(Given records Opens)

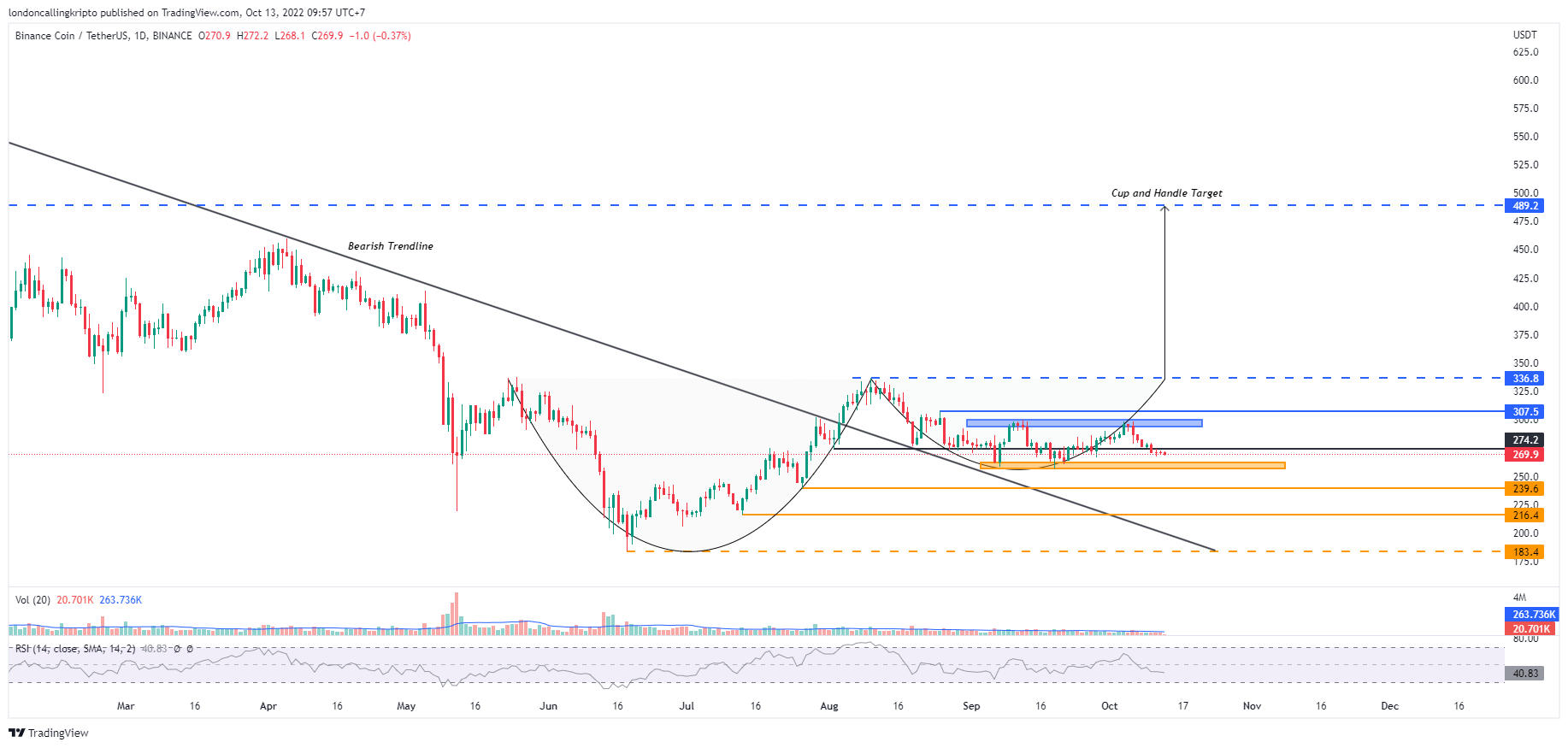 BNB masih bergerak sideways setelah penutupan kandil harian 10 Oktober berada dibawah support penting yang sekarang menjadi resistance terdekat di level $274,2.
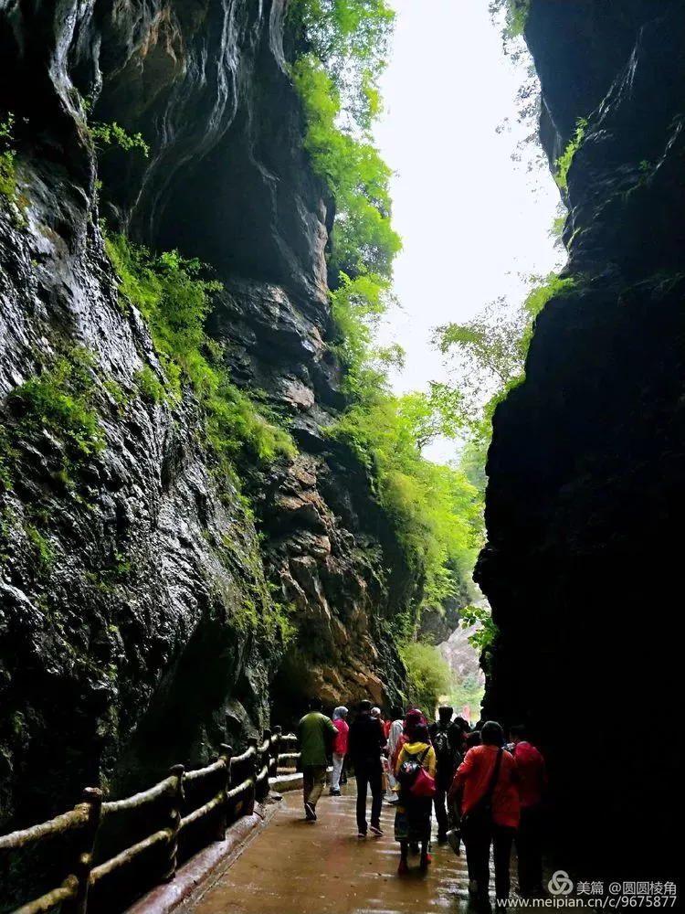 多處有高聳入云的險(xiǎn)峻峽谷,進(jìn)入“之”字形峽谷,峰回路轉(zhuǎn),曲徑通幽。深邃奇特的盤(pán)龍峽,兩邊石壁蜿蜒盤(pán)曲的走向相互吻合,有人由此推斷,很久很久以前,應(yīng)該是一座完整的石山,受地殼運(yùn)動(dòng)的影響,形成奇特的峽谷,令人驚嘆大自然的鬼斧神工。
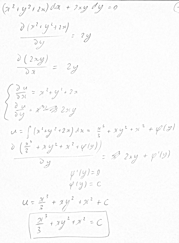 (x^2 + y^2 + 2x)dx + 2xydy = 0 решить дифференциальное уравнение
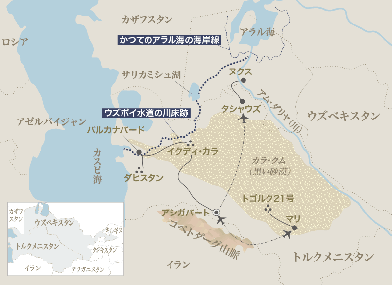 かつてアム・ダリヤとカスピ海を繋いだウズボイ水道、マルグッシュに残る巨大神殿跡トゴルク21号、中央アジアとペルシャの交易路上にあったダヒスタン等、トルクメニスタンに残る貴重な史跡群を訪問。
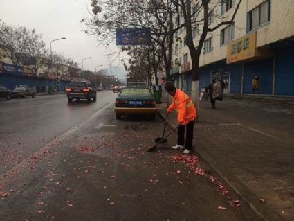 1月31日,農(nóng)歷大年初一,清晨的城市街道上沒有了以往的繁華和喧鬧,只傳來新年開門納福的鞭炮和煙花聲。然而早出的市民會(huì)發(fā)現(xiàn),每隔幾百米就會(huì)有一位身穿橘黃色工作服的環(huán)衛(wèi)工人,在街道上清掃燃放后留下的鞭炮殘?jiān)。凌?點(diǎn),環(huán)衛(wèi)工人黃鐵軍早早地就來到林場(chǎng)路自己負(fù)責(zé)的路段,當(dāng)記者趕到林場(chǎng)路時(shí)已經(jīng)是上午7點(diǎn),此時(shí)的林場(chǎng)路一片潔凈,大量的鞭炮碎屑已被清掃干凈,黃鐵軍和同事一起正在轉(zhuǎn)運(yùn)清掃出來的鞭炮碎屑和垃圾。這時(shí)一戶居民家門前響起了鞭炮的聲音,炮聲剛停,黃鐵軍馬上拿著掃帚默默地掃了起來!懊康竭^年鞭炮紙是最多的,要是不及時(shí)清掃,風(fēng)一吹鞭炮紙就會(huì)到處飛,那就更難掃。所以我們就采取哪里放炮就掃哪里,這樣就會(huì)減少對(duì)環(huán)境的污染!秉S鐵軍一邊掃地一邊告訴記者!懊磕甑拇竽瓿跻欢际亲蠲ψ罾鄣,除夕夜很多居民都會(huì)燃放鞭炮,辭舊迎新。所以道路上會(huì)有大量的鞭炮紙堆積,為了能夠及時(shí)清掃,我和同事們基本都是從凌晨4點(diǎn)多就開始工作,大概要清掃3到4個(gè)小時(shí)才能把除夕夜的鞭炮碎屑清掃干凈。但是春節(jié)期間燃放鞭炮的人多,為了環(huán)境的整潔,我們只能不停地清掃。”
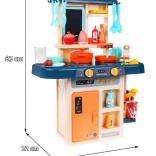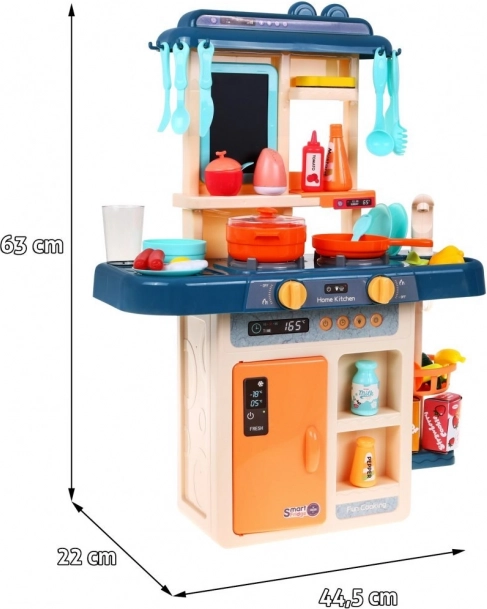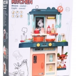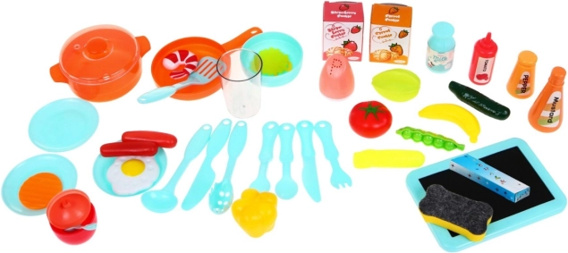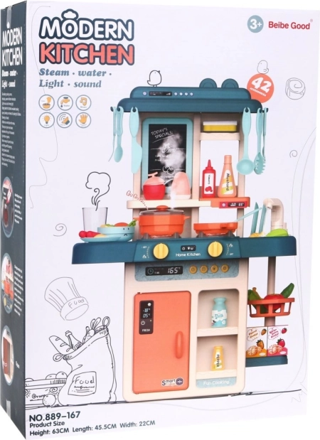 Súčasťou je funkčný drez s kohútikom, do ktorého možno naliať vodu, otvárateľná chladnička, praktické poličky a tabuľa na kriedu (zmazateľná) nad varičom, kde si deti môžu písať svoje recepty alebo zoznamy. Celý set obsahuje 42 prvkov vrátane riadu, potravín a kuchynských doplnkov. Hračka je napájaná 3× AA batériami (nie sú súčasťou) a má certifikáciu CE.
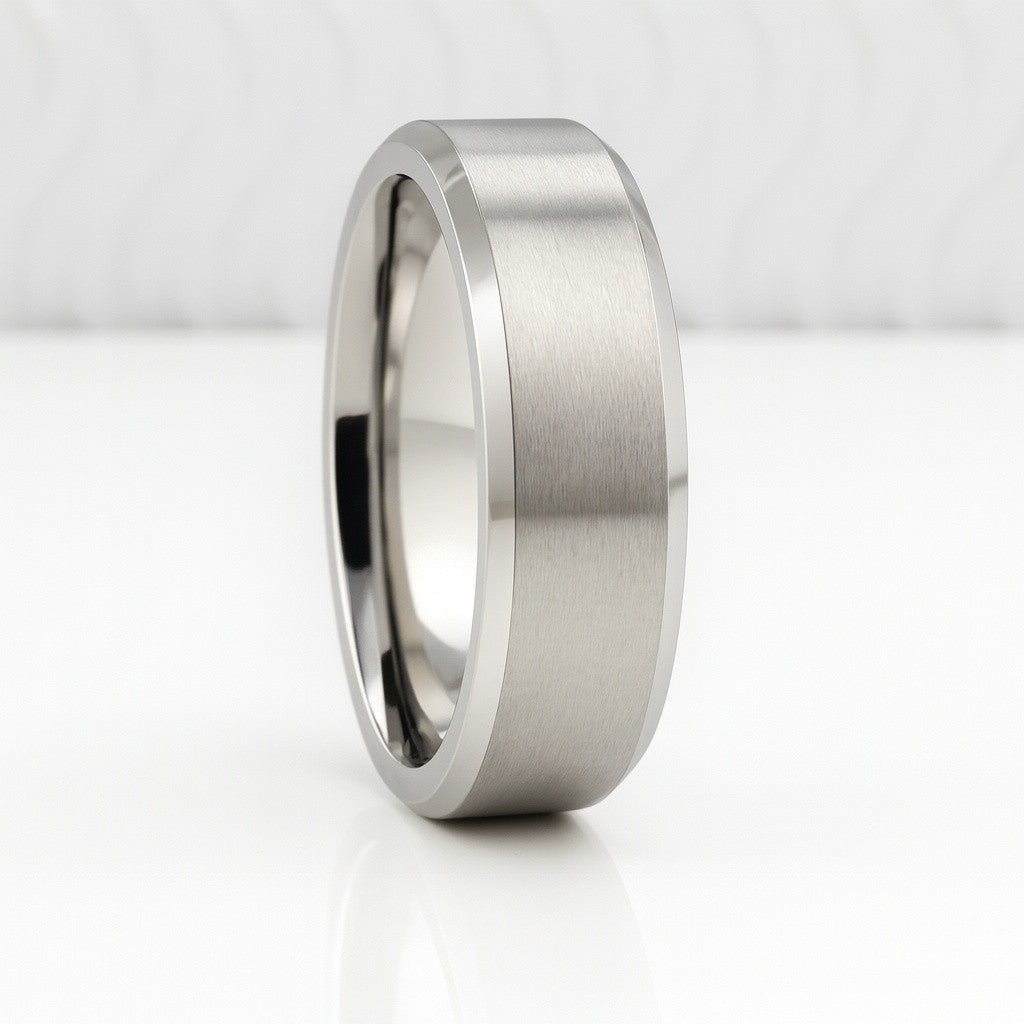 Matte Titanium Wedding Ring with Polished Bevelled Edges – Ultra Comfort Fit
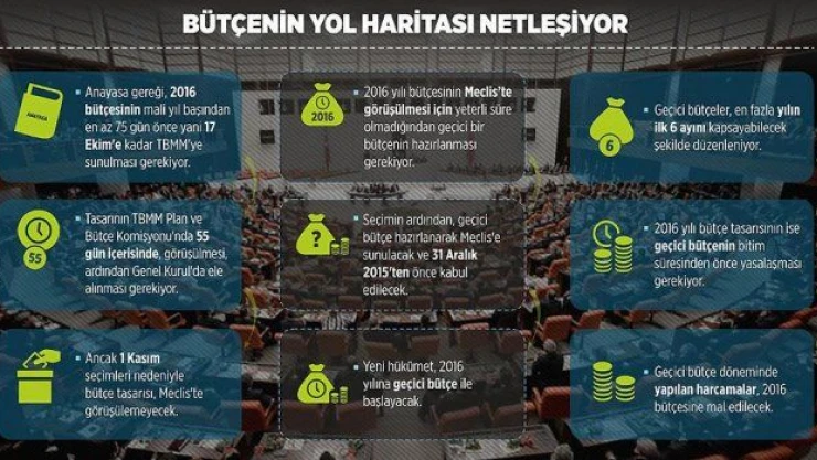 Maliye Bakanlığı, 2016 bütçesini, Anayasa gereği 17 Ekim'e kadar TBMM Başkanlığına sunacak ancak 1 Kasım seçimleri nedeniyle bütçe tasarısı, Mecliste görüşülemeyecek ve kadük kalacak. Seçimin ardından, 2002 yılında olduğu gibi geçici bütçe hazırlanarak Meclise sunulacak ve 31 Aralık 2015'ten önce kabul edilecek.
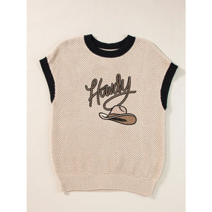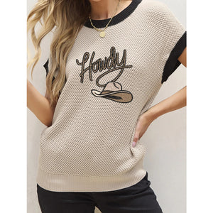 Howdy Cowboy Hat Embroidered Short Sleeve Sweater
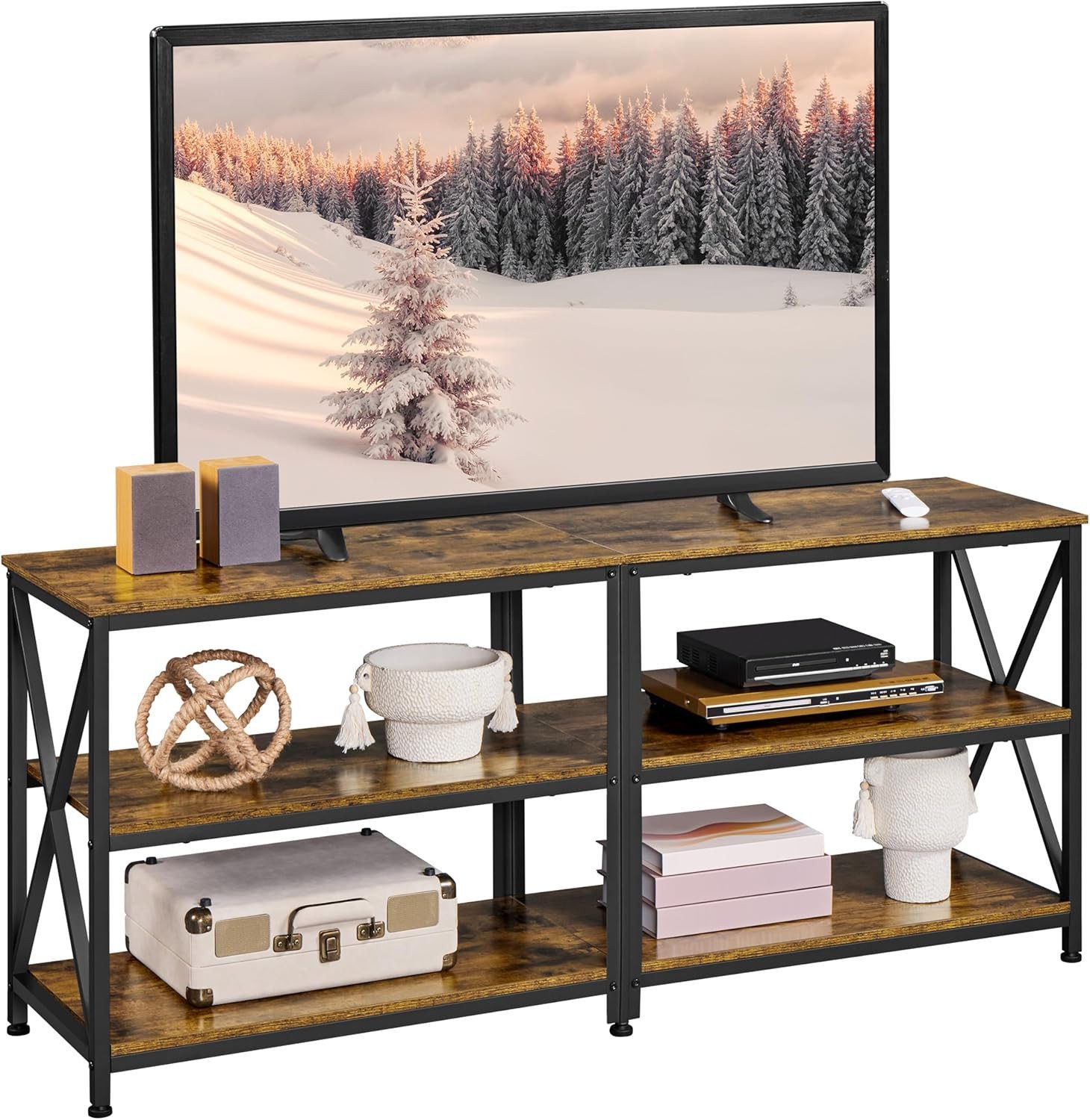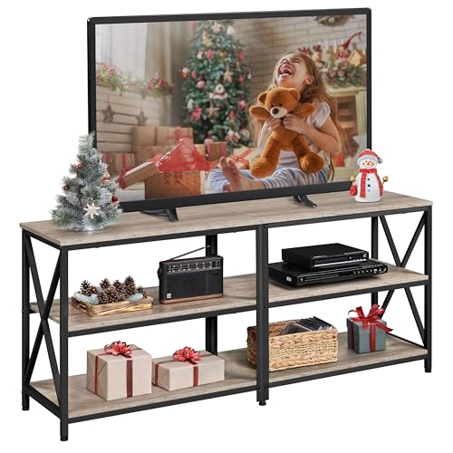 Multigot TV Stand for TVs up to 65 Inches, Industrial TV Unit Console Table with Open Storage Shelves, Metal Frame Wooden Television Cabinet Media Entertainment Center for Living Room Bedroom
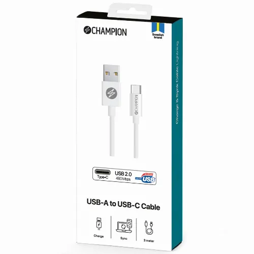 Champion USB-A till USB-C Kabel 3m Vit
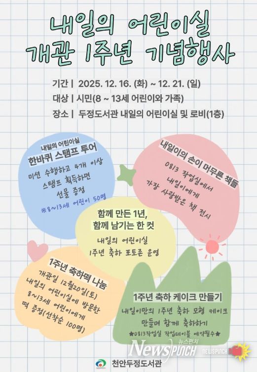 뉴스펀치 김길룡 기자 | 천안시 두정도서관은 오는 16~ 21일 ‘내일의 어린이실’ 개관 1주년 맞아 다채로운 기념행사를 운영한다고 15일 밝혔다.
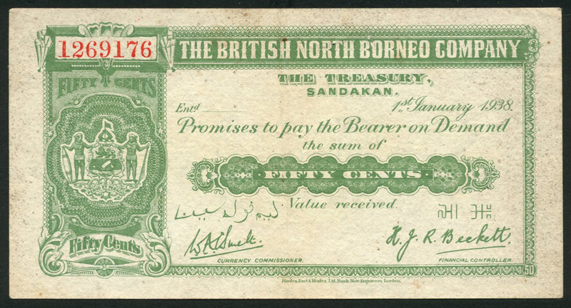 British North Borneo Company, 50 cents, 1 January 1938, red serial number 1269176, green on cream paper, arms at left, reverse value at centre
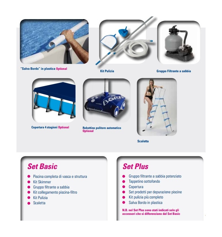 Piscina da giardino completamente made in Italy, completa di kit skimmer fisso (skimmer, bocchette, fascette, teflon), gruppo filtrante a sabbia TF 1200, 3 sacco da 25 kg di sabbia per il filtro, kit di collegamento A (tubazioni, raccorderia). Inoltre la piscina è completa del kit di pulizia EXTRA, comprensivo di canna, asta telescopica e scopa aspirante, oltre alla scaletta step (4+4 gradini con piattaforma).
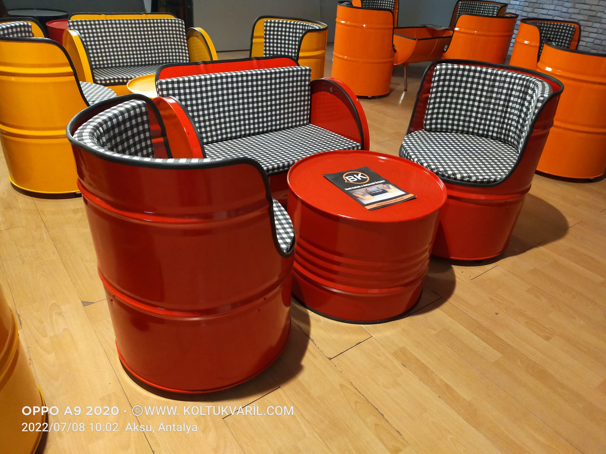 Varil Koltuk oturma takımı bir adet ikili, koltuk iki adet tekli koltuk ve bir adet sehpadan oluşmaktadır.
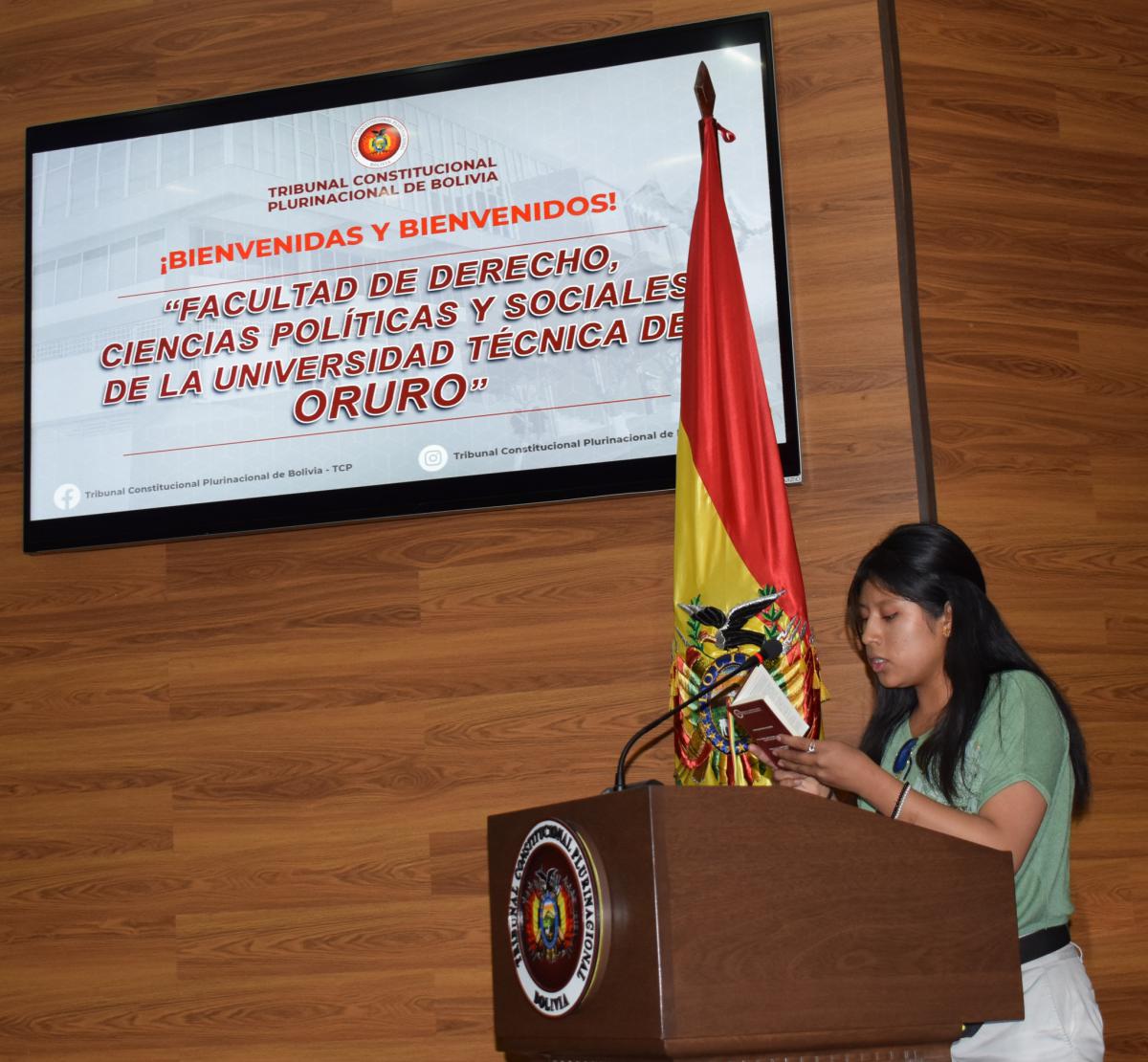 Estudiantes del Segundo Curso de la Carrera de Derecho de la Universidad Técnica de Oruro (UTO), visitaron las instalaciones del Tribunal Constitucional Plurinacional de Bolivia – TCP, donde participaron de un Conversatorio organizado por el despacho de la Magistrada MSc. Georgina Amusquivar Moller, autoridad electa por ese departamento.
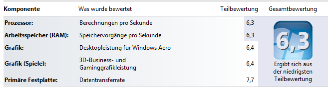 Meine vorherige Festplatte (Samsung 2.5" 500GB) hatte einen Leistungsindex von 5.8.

(Given records Closes)

- [Activity]: Look above for the line containing "Varil Koltuk oturma", then retype it and each line after it to the end of the records, exactly and without pictures.

- [Reply]:
 Varil Koltuk oturma takımı bir adet ikili, koltuk iki adet tekli koltuk ve bir adet sehpadan oluşmaktadır.
 Estudiantes del Segundo Curso de la Carrera de Derecho de la Universidad Técnica de Oruro (UTO), visitaron las instalaciones del Tribunal Constitucional Plurinacional de Bolivia – TCP, donde participaron de un Conversatorio organizado por el despacho de la Magistrada MSc. Georgina Amusquivar Moller, autoridad electa por ese departamento.
 Meine vorherige Festplatte (Samsung 2.5" 500GB) hatte einen Leistungsindex von 5.8.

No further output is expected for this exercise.